The long answer is: spend the week or two farming the gear necessary to start playing at a "competitive" level. Getting a current set of off-set gear and previous season on-set gear is trivial to do for a new or out-of-date toon. Alternatively, just get in there and stomp on the people that farmed the gear but don't know how to pvp and acquire the gear over time. Sure you won't be able to get a shadowmourne or heroic dfo this way, but you can surely play at a competitive level with the gear readily available by just pvping.
I quit WoW almost a year ago and immediately switched to SC and TL. The nice thing is that the community here is much more grown up, the game is at least as fun as WoW and you can actually work and have a decent RL while doing all this. Which wasn't possible for me with WoW (being GM and Maintank).
On July 23 2010 03:02 faction123 wrote: i never had any problems casually playing wow, sounds like self control problems all up in this thread
its more like that in WoW if you want to be at the top level, you will have to play for hours and hours. that is boring and so much time consuming. that is why I quit it. not to mention that you need other people playing it at high level too...
And playing at a top level in SC2 is any different? You don't just magically have skill. You have to work at it.
Because with WoW its mostly about how many hours you can pour into mind numbingly boring gear and currency farming that enables you to play at high level. Instead of actually practising the gameplay. Imagine having to just play the AI over and over again for hours each day to improve your chances when playing against real people in SC2.
Its not practice OR improving your character. There's no black and white...you improve in skill as your character improves. Its just an upfront time investment in order to compete. But, if you enjoy the process of BGs, the occasional Wintergrasp brawl and stuff you need to do to get that gear, then what's the problem?
Its not like the day the new Season starts all the top players have a full set of gear already. Everyone starts the same race at the same time. If you're a good player, you'll already have the same set of awesome gear they've got and now you're both slowly improving your character as the Season progresses.
Its just a gameplay formula. Yeah, its different to SC2 where a new player can just jump right in and compete on an even playing field, but either way you still need to work your ass off to understand the metagame, different compositions, what to use, when, where, on what and so on.
Claiming that top-level WoW PvP is all about gear and numbers its just mind-bogglingly retarded. The same crowd of hardcore gamers play SC2 as they do WoW.
If there's one thing true about hardcore gamers is that they can find a way to turn anything in an intense competition.
The fact is : if you want to really succeed at high level arena, you need end game PvE gear (depends on the class but as a rogue, like me, yes). I hated PvE, the fact to kill the same stupid boss again and again, to be ninja looted by some arrogant bastard and so on, all I cared was to do arena. My gear was made only with PvP parts and I was kind of blocked by that (I still managed to reach 2500+) and I hated that part of WoW.

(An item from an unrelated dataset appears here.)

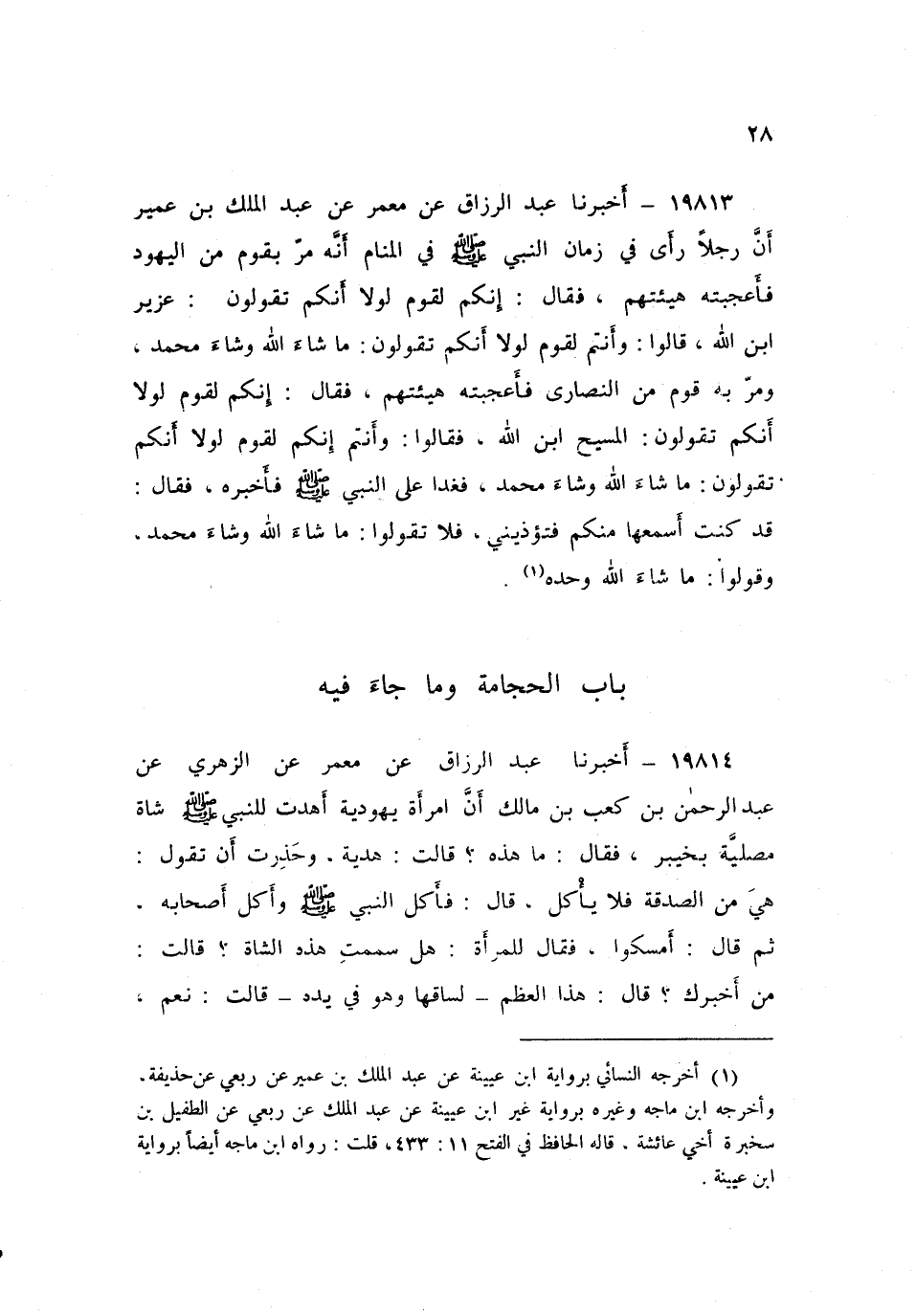 ١٩٨١٣ - أَخْبَرَنَا عَبْدُ الرَّزَّاقِ، قَالَ: أَخْبَرَنَا مَعْمَرٌ، عَنْ عَبْدِ الْمَلِكِ بْنِ عُمَيْرٍ، أَنَّ رَجُلًا رَأَى فِي زَمَانِ النَّبِيِّ صَلَّى اللهُ عَلَيْهِ وَسَلَّمَ فِي الْمَنَامِ: أَنَّهُ مَرَّ بِقَوْمٍ مِنَ الْيَهُودِ فَأَعْجَبَتْهُ هَيْئَتُهُمْ، فَقَالَ: إِنَّكُمْ لَقَوْمٌ لَوْلَا أَنَّكُمْ تَقُولُونَ: عُزَيْرٌ ابْنُ اللَّهِ، قَالُوا: وَأَنْتُمْ لَقَوْمٌ لَوْلَا أَنَّكُمْ تَقُولُونَ: مَا شَاءَ اللَّهُ، وَشَاءَ مُحَمَّدٌ، وَمَرَّ بِهِ قَوْمٌ مِنَ النَّصَارَى فَأَعْجَبَتْهُ هَيْئَتُهُمْ، فَقَالَ: إِنَّكُمْ لَقَوْمٌ لَوْلَا أَنَّكُمْ تَقُولُونَ: الْمَسِيحُ ابْنُ اللَّهِ، فَقَالُوا: وَأَنْتُمْ إِنَّكُمْ لَقَوْمٌ لَوْلَا أَنَّكُمْ تَقُولُونَ: مَا شَاءَ اللَّهُ، وَشَاءَ مُحَمَّدٌ فَغَدَا عَلَى النَّبِيِّ صَلَّى اللهُ عَلَيْهِ وَسَلَّمَ فَأَخْبَرَهُ، فَقَالَ: قَدْ كُنْتُ أَسْمَعُهَا مِنْكُمْ فتُؤذِينِي، فَلَا تَقُولُوا: مَا شَاءَ اللَّهُ وَشَاءَ مُحَمَّدٌ، وَقُولُوا: مَا شَاءَ اللَّهُ وَحْدَهُ "

On July 23 2010 03:02 faction123 wrote: i never had any problems casually playing wow, sounds like self control problems all up in this thread
its more like that in WoW if you want to be at the top level, you will have to play for hours and hours. that is boring and so much time consuming. that is why I quit it. not to mention that you need other people playing it at high level too...
And playing at a top level in SC2 is any different? You don't just magically have skill. You have to work at it.
Because with WoW its mostly about how many hours you can pour into mind numbingly boring gear and currency farming that enables you to play at high level. Instead of actually practising the gameplay. Imagine having to just play the AI over and over again for hours each day to improve your chances when playing against real people in SC2.
Its not practice OR improving your character. There's no black and white...you improve in skill as your character improves. Its just an upfront time investment in order to compete. But, if you enjoy the process of BGs, the occasional Wintergrasp brawl and stuff you need to do to get that gear, then what's the problem?
Its not like the day the new Season starts all the top players have a full set of gear already. Everyone starts the same race at the same time. If you're a good player, you'll already have the same set of awesome gear they've got and now you're both slowly improving your character as the Season progresses.
Its just a gameplay formula. Yeah, its different to SC2 where a new player can just jump right in and compete on an even playing field, but either way you still need to work your ass off to understand the metagame, different compositions, what to use, when, where, on what and so on.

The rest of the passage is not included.